The story from Surgeon General Rupert Blue stated that the flu was probably not Spanish in origin. The article was quite lengthy, going into the history of influenza, then explaining the symptoms and how it was spread and what to do if you got sick.

“It is very important that every person who becomes sick with influenza should go home at once and go to bed. This will help keep away dangerous complications, and will at the same time, keep the patient from scattering the disease far and wide.”

In November, H. Seyler of the Grove barber shop in Fairfield received a letter from his brother in Texas. Mr. Seyler’s brother wrote that a doctor, nurse and army officer were arrested for spreading the flu.

“The third degree was being given the doctor to bring out more information, if possible. The doctor was arrested in a “Y” hut and a revolver and a vial of germ fluid were taken from him.” As provocative as Mr. Seyler’s letter was, there seemed to be no wide, or well-known knowledge of this episode.

The front page of the Enterprise was almost nothing but obituaries. In October, Navy enlistee William Vann was reported to be recovering from the flu in an Eastern Army hospital.  Not so lucky was the 18-year-old son of Daniel and Ida Ambrose, who succumbed. So too, was the well-liked and well-known Adolph Widenmann, who had been appointed just the week before by the governor of California to the post of county Supervisor to fill the vacancy caused by the death of Mr. Widenmann’s brother.

In November, Mrs. Oscar Van Bulen of Cement City died, leaving behind a grieving husband and two children, a boy, 7, and a girl, 3. Miss Nellie Keym of Oakland, who was in her 20s, had come for a visit. Upon returning home, she contracted the flu, which turned into pneumonia (the usual complication) and died.

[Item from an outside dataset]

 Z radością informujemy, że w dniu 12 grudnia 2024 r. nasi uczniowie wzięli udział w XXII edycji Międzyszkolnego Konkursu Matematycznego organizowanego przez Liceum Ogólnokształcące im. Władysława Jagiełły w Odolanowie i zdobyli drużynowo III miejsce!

Earl C. Smith, an employee of the Southern Pacific Co., died in the Oakland Hospital after complications from the flu, leaving behind a wife and three small children. The family was visiting relatives in Texas when their father became ill, and were not permitted to leave because of quarantine. To compound the tragedy, Earl’s brother died in the same hospital the same week from the same complications.

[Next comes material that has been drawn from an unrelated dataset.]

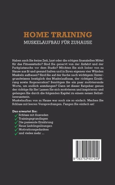 Haben auch Sie keine Zeit, Lust oder die nötigen finanziellen Mittel für das Fitnessstudio? Sind Sie genervt von der Anfahrt und der Parkplatzsuche vor dem Studio? Möchten Sie sich lieber von zu Hause aus fit und gesund halten und in Ihren eigenen vier Wänden Muskeln aufbauen? Sind Sie auf der Suche nach wichtigem Hintergrundwissen bezüglich des Muskelaufbaus, der richtigen Ernährung sowie Regeneration? Benötigen Sie ein paar motivierende Worte, um endlich anzufangen? Dann ist dieser Ratgeber genau der richtige für Sie! Lassen Sie sich motivieren und inspirieren und gelangen Sie durch die folgenden Kapitel zu einem neuen Selbstbewusstsein.Muskelaufbau von zu Hause war noch nie so einfach. Machen Sie Schluss mit leeren Versprechungen. Fangen Sie einfach an! Das erwartet Sie:-Schluss mit Ausreden-Trainingsgrundlagen-Die passende Ernährung-Neue Lieblingsübungen-Motivationsgedanken-und vieles mehr ...
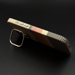 iPhone Aramid Multi-Stripe Case with Camera Kickstand | Carbon Fibre Feel | Hidden MagSafe | Beige Stripe Design

The town trustees, in a special meeting in early November, ordered the poolroom be closed as a precautionary measure against the spread of the virus. By December, the last month of such a terrible year, Henry and Kathryn Goosen suffered a terrible blow.

Their eldest son, Victor, just 20 years old, succumbed on Christmas morning. Henry Goosen was a self-made man who went into the hardware store business and eventually owned the Fairfield water works. The Goosens’ restored home graces Empire Street in Fairfield.

The flu would finally peter out by the spring of 1919, but not until it caused widespread heartache and grief. The county hospital was completed by 1920.

References: Fairfield Enterprise, January-December 1918, January-June 1919.